Exercise: Nothing outside the range is to be copied. From the entries below, reproduce exactly the lines starting at the one with "Στο ειδυλλιακό άλσος" and ending at the one with "Kamp-Rite Standard Kwik", without pictures.

Dataset excerpts:
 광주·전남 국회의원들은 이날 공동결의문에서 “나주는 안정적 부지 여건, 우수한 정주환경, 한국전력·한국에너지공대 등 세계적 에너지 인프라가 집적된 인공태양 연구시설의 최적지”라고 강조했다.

==

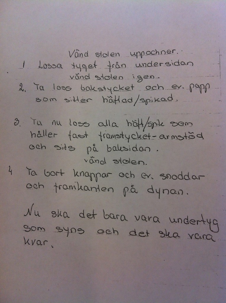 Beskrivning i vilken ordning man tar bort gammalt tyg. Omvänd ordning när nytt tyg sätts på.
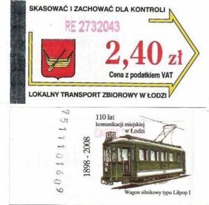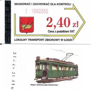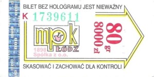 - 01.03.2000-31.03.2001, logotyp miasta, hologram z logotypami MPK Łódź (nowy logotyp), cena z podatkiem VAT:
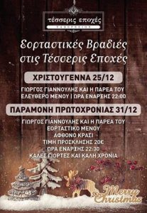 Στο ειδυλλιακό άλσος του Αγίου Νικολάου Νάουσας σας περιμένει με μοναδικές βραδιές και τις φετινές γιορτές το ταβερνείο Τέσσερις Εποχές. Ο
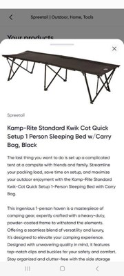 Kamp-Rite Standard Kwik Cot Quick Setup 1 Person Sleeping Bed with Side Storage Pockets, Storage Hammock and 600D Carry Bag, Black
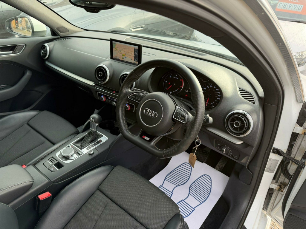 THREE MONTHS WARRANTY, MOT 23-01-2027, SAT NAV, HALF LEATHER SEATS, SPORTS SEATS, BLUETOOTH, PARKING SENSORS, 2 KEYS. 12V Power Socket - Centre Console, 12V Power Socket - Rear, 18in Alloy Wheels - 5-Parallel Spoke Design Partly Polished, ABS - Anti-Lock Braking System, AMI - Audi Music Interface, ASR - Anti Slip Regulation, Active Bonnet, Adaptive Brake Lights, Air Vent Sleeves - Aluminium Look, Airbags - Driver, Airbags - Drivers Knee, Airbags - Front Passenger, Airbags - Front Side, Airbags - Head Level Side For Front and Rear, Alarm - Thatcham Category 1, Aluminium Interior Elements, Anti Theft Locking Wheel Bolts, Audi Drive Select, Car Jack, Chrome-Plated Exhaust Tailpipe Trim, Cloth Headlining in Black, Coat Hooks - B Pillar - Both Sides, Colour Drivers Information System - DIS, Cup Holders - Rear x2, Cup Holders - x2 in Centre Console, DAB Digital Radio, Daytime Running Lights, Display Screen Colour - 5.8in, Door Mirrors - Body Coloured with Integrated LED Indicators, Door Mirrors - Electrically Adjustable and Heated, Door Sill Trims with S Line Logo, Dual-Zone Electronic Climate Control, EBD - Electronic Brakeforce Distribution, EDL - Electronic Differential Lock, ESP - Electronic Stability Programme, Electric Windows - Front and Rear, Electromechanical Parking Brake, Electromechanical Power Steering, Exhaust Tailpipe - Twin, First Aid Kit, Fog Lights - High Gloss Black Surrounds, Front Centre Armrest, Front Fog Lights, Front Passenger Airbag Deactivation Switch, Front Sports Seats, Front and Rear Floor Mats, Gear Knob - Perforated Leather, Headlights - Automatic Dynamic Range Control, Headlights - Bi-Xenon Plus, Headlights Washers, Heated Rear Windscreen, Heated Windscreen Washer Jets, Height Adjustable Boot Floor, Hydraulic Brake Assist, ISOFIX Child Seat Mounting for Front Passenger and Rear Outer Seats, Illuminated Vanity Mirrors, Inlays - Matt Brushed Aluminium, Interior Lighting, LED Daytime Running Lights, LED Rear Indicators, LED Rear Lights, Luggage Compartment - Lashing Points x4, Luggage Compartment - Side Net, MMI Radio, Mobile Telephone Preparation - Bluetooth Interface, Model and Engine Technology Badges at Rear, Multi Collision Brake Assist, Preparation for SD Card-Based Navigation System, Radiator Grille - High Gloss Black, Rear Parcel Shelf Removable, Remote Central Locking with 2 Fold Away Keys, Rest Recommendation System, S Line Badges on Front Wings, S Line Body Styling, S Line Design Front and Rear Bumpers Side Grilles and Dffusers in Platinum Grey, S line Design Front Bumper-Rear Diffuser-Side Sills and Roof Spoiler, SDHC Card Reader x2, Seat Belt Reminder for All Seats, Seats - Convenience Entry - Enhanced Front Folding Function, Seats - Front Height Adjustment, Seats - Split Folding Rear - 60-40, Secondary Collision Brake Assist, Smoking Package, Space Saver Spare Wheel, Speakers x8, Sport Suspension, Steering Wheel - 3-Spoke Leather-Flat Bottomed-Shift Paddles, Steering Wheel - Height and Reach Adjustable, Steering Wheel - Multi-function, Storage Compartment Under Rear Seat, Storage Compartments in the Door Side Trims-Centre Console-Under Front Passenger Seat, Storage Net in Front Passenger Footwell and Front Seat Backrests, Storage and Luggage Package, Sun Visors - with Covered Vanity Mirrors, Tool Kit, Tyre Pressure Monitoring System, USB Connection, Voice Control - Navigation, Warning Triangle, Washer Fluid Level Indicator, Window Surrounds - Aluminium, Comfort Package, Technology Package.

...

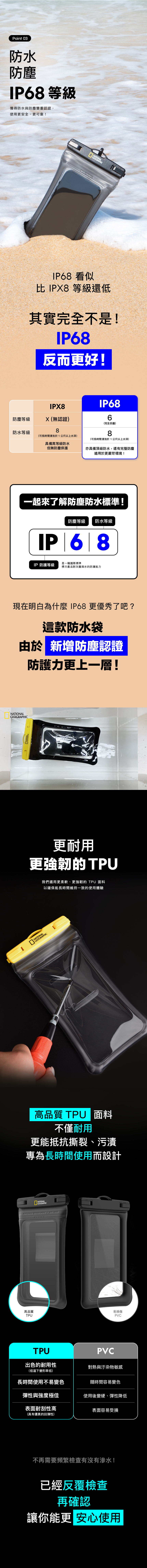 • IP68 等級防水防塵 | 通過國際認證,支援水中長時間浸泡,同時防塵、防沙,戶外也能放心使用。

Solution to the problem:
 Στο ειδυλλιακό άλσος του Αγίου Νικολάου Νάουσας σας περιμένει με μοναδικές βραδιές και τις φετινές γιορτές το ταβερνείο Τέσσερις Εποχές. Ο
 Kamp-Rite Standard Kwik Cot Quick Setup 1 Person Sleeping Bed with Side Storage Pockets, Storage Hammock and 600D Carry Bag, Black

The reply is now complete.